Avec les salaires d’aujourd’hui, les joueurs ne sont pas prêts à jouer 25 ans. J’ai 30 ou 40 millions de dollars en banque, pourquoi continuer ? Moi, je ne le faisais pas par besoin. Je jouais parce que j’aimais ça, et j’étais capable de le faire.
Morten Andersen, ancien botteur de la NFL
« Rester en forme, se préparer pour une saison, ça demande beaucoup de travail et c’est souvent pour ça que des joueurs prennent leur retraite plus tôt. Je ne me suis jamais permis de perdre ma forme, surtout à mes quatre dernières saisons, ajoute Parish.

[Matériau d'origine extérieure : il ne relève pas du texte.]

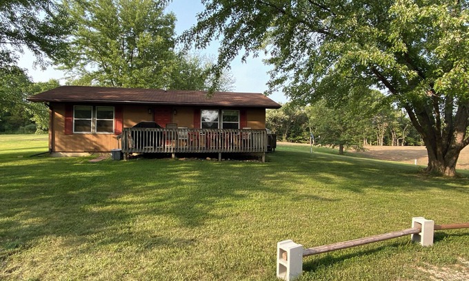 The Hide Away Retreat sleeps 6 people (3 people in NOVEMBER) with 2 bedrooms, living room pull out queen sofa bed and 1 full bathroom. The location is 300+/- yards from Rathbun Lake on a quiet dead end dirt road about 2.5 miles from paved road. It has a large, private back yard with openness and trees for family gatherings. There is a deck on the south side (front of home) and a fire pit on the north side (back of home). The views from this cottage are beautiful with a view of a filling pond and large field with visiting horses, deer, turkey, and other wildlife.

« Mais ça revient à l’amour du sport. C’est pourquoi Vince Carter et Tom Brady ont joué aussi longtemps ; ils adorent leur sport. »
Qui sont-ils ?
Morten Andersen
Né au Danemark, le botteur a d’abord fait sa marque chez les Saints de La Nouvelle-Orléans de 1982 à 1994. Il a aussi porté les couleurs des Falcons, des Giants, des Chiefs et des Vikings. Il a joué jusqu’en 2007 et a été admis au Temple de la renommée 10 ans plus tard. L’homme de 60 ans s’entraîne encore cinq fois par semaine, et il coanime le balado de football Great Dane Nation en compagnie de Tom Carroll.
Robert Parish
Huitième choix au repêchage en 1976, Parish a passé les quatre premières saisons de sa carrière avec les Warriors de Golden State avant d’être échangé aux Celtics de Boston, où il s’est établi comme un des meilleurs centres de la NBA. Il a joué à Boston de 1980 à 1994, a ensuite disputé deux saisons chez les Hornets de Charlotte, et une dernière chez les Bulls de Chicago. Parish écoule sa retraite en Caroline du Nord et participe à des évènements promotionnels pour la NBA.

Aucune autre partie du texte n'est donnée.